Introduction

Genome-scale metabolic models are now widely used in biotechnology and bioengineering (Zomorrodi et al. 2012). Constraint-based analysis of these models provide a mathematical framework for understanding biotransformations in metabolism and possibly rational design of strains (Lewis et al. 2012; Price et al. 2003).

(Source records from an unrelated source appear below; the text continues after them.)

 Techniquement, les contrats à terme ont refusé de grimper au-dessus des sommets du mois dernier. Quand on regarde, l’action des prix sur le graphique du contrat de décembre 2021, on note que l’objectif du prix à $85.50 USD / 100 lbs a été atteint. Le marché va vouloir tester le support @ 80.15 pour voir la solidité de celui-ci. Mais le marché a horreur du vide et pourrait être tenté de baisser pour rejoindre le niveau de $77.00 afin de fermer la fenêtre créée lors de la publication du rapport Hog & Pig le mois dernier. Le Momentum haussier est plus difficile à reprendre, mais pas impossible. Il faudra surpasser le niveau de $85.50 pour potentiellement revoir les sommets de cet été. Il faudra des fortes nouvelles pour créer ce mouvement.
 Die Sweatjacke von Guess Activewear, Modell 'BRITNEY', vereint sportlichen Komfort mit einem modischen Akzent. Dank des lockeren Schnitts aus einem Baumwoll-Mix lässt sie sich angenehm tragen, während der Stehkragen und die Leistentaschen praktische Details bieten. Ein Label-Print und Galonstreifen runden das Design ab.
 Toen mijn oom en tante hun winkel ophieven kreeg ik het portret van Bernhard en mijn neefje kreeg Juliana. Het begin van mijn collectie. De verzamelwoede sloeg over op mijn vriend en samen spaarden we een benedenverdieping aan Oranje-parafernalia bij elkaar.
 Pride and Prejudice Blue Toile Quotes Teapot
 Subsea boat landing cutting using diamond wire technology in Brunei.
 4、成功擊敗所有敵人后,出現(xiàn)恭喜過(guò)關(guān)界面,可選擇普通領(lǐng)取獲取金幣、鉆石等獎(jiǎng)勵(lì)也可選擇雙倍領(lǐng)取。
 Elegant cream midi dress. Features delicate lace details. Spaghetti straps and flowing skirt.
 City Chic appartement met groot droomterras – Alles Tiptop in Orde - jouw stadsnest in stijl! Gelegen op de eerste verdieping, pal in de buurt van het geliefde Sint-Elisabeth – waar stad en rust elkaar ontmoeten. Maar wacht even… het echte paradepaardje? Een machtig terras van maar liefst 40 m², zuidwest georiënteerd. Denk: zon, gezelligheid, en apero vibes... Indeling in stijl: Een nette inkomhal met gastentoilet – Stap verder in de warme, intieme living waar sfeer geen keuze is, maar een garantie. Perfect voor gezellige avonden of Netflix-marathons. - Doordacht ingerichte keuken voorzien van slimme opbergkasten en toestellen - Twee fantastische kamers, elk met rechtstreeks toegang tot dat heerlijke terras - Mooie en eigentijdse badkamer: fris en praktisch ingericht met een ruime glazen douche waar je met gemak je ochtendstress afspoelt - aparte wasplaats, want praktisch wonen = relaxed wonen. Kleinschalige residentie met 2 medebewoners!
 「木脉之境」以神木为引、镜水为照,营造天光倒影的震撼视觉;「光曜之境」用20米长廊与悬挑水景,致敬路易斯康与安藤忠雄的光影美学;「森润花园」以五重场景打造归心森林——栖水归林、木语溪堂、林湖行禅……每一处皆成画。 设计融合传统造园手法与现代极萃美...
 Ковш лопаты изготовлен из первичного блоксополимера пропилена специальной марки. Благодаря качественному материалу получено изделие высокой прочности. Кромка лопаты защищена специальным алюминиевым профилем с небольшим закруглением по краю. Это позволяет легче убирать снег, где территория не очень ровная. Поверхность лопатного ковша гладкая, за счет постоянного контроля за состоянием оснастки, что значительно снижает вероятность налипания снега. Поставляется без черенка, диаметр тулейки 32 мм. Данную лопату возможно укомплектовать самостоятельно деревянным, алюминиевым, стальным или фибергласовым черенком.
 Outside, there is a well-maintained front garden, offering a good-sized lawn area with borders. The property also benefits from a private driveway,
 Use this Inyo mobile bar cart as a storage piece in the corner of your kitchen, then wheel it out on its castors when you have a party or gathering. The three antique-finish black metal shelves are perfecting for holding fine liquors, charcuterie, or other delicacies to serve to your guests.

Elementary flux modes (EMs) are defined as the minimal sets of reactions in a metabolic network that can be active in steady-state conditions (Schuster et al. 2000). Therefore, each EM can be interpreted as a metabolic “pathway”. EMs are applicable to various fields of metabolic network studies, e.g., analysis of the capabilities of cellular metabolism (Çakir et al. 2007; Schilling and Palsson 2000; Schuster et al. 1999; Stelling et al. 2002), determination of minimal medium requirements (Schilling and Palsson 2000), measuring the flexibility of metabolic networks (Çakir et al. 2007; Papin et al. 2002), identification of pathways with optimal yield (Hädicke and Klamt 2010; Trinh et al. 2008) and determination the importance of a specific reaction (Wlaschin et al. 2006).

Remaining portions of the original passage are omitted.